In the context of the scenarios mentioned earlier, analyzing differentially expressed genes in allopolyploids can present more complexity compared to standard RNA-seq analyses. A widely used approach was introduced by [
19], where they performed comprehensive comparisons including relative expression levels between the two parents, the hybrid allopolyploid versus its parents, and the allopolyploid versus the mid-parent value. Recently, [
137] adopted a similar strategy, utilizing RNA-sequencing data to explore the transcriptional responses to saline stress in cotton and heterosis events in root traits in rice. In their studies, they introduced HYBRIDEXPRESS, a tool designed to facilitate comparative analyses between allopolyploid hybrids and parental lines.
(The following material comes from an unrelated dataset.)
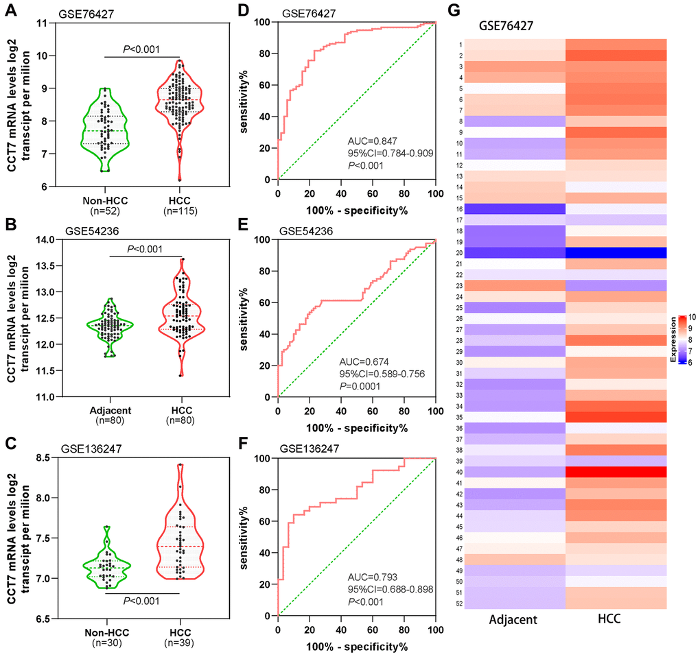 Figure 3. Diagnostic value of CCT7 mRNA expression for HCC in the GEO database. CCT7 mRNA levels were significantly greater in HCC than in non-HCC tissues in GSE76427 (A), GSE54236 (B) and GSE136247 (C). ROC curves exhibited the good diagnostic significance of CCT7 mRNA expression for HCC in GSE76427 (D), GSE54236 (E) and GSE136247 (F). (G) The heat map shows CCT7 mRNA expression in 52 paired HCC and corresponding adjacent normal tissues.

This tool encompasses transcriptomic data processing, graphic visualization, data normalization, identification of differentially expressed genes, classification of genes based on the stages proposed by [
19], and functional annotation of these genes. Such tools, alongside advancements in sequencing technologies and methodologies for homoeology inference and sub-genome identification, hold significant promise in elucidating parental legacies, homoeolog expression biases in allopolyploids, understanding their evolutionary mechanisms, and providing crucial insights for crop breeding.